Keine Rechtssätze vorhanden

Entscheidungstext

Bescheid

Der Unabhängige Finanzsenat hat über den Vorlageantrag des Bw., vertreten durch Dr. Carl Benkhofer, Rechtsanwalt, 1010 Wien, Biberstraße 26, vom 25. Juni 2012 gegen den Bescheid des Finanzamtes Wien 8/16/17, vom 6. Dezember 2011 betreffend Einkommensteuer für das Jahr 2009 entschieden:

Der Vorlageantrag wird als unzulässsig zurückgewiesen.

Der angefochtene Bescheid bleibt unverändert.

Entscheidungsgründe

Mit Vorhalt vom 15. Februar 2011 ersuchte das zuständige Finanzamt den Berufungswerber (Bw.) seine Einkünfte aus Gewerbebetrieb aus der Beteiligung an der H.KG (Finanzamt XY.) bekannt zu geben und um Nachreichung der Einkommensteuererklärung für das Jahr 2009.

Da in der Folge jedoch keine Einkommensteuererklärung für das Jahr 2009 übermittelt wurde, schätzte das Finanzamt die Einkünfte aus Gewerbebetrieb in Höhe von € 500.000,00 und erließ am 6. Dezember 2011 einen dementsprechenden Einkommensteuerbescheid für das Jahr 2009. Begründend führte es aus, dass die Einkünfte aus Gewerbebetrieb mit dem im Feststellungsverfahren ermittelten Betrag angesetzt worden seien.

Mit elektronisch eingebrachter Berufung vom 29. März 2012 brachte der Bw. vor, dass er im Jahr 2009 weder Einkünfte aus einer gewerblichen Tätigkeit, noch Einkünfte aus einer Beteiligung an einer Personengesellschaft erzielt habe.

Mit Bescheid vom 16. April 2012 wies das Finanzamt die Berufung gegen den Einkommensteuerbescheid für das Jahr 2009 zurück, da diese nicht fristgerecht eingebracht worden sei.

Dieser Bescheid wurde nachweislich am 19. April 2012 beim zuständigen Postamt hinterlegt.
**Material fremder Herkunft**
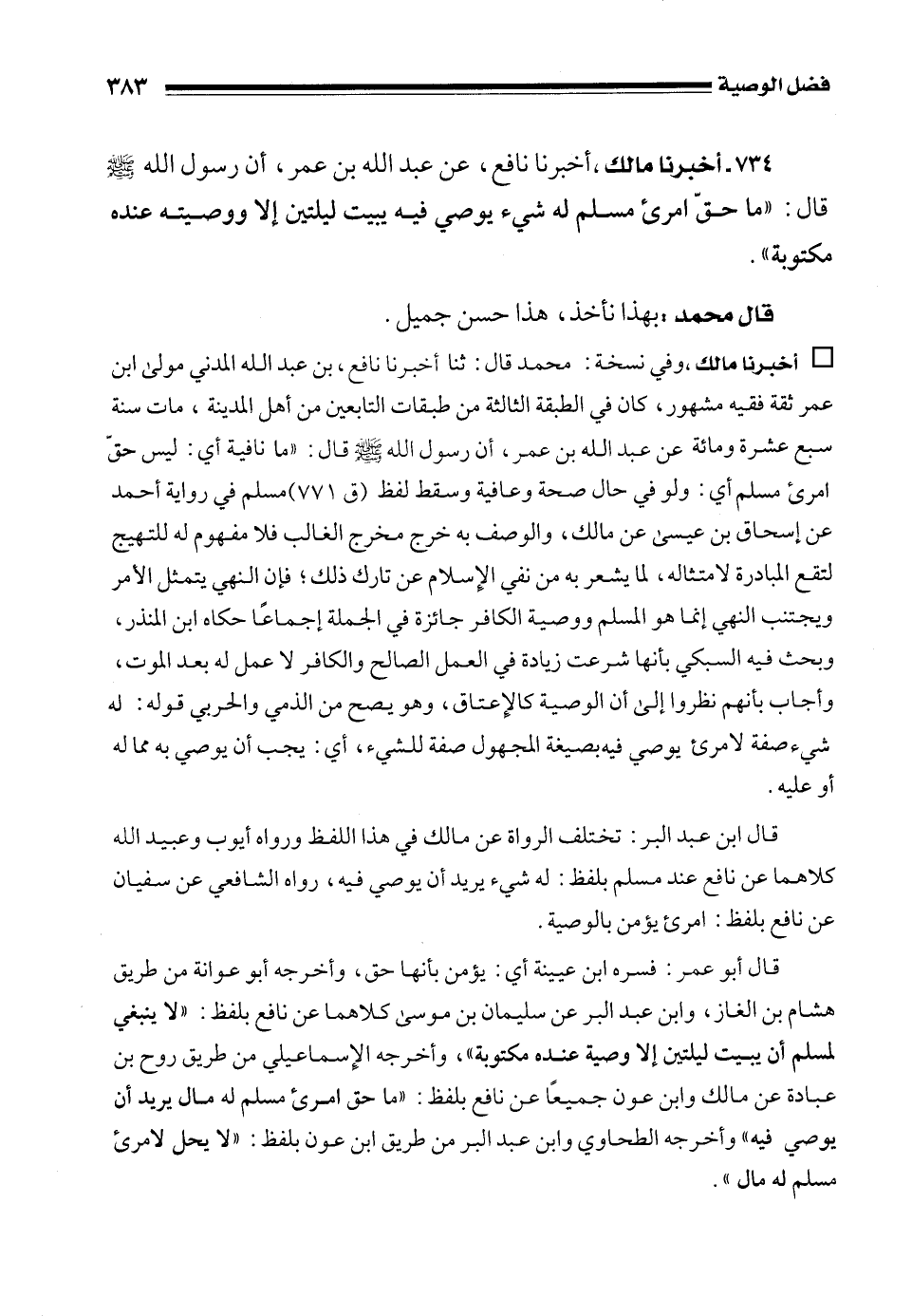 734 - أخبرنا مالك، أخبرنا نافع، عن عبد الله بن عمر، أن رسول الله - صلى الله عليه وسلم - قال: "ما حقّ امرئ مسلم له شيء يوصي فيه يبيت ليلتين إلا ووصيته عنده مكتوبة".

Mit Vorlageantrag vom 25. Juni 2012 gegen den Einkommensteuerbescheid 2009 vom 6. Dezember 2011 beantragte der Bw. die Vorlage und Entscheidung über die Berufung vom 29. März 2012 an die Abgabenbehörde II. Instanz und führte im Wesentlichen aus, dass er gegen den Einkommensteuerbescheid 2009 fristgerecht Berufung erhoben habe.

Über die Berufung wurde erwogen:

Gem. § 245 Abs. 1 Bundesabgabenordnung (BAO) beträgt die Berufungsfrist einen Monat.

Gem. § 273 Abs. 1 BAO hat die Abgabenbehörde eine Berufung durch Bescheid zurückzuweisen, wenn die Berufung

a) nicht zulässig ist oder

b) nicht fristgerecht eingebracht wurde.

§ 276 Abs. 1 BAO lautet: Ist die Berufung weder zurückzuweisen (§ 273) noch als zurückgenommen (§ 85 Abs. 2, § 86a Abs. 1) oder als gegenstandslos (§ 256 Abs. 3, § 274) zu erklären, kann die Abgabenbehörde I. Instanz die Berufung nach Durchführung der etwa noch erforderlichen Ermittlungen durch Berufungsvorentscheidung erledigen und hiebei den angefochtenen Bescheid nach jeder Richtung abändern, aufheben oder die Berufung als unbegründet abweisen.

Im vorliegenden Fall hat das Finanzamt die Berufung vom 29. März 2012 gegen den Einkommensteuerbescheid 2009 mit Bescheid vom 16. April 2012 als nicht fristgerecht zurückgewiesen. Dieser Zurückweisungsbescheid wurde am 19. April 2012 beim zuständigen Postamt hinterlegt und würde die Frist zur Einbringung einer Berufung am 19. Mai 2012 enden. Da der 19. Mai 2012 ein Samstag war, endete die Frist zur Einbringung einer Berufung gegen den Zurückweisungsbescheid am 21. Mai 2012. Laut vorgelegten Finanzamtsunterlagen ist jedoch ersichtlich, dass gegen den Zurückweisungsbescheid kein Rechtsmittel eingebracht wurde. Der Zurückweisungsbescheid vom 16. April 2012 erwuchs in Rechtskraft und ist damit das Rechtsmittelverfahren betreffend die Einkommensteuer für das Jahr 2009 abgeschlossen. Der eingebrachte Vorlageantrag geht somit ins Leere und ist als unzulässig zurückzuweisen.

Wenn der Bw. im Vorlageantrag vom 25. Juni 2012 ausführt, er habe gegen den Einkommensteuerbescheid 2009 fristgerecht Berufung erhoben, ist darauf hinzuweisen, dass dies aus den vorgelegten Akten eben nicht zu entnehmen ist, denn die Berufung vom 29. März 2012 wurde mit Bescheid vom 16. April 2012 als nicht fristgerecht eingebracht zurückgewiesen.

Im Übrigen ist zu bemerken, dass ein Vorlageantrag unabdingbar eine Berufungsvorentscheidung voraussetzt (vgl. etwa VwGH vom 8. Februar 2007, Zl. 2006/15/0373). Würde der Vorlageantrag als Berufung gegen den Zurückweisungsbescheid qualifiziert werden, dann wäre dieses Rechtsmittel ebenso zurückzuweisen, da es erst am 25. Juni 2012 und somit verspätet eingebracht worden wäre.

Es war somit spruchgemäß zu entscheiden.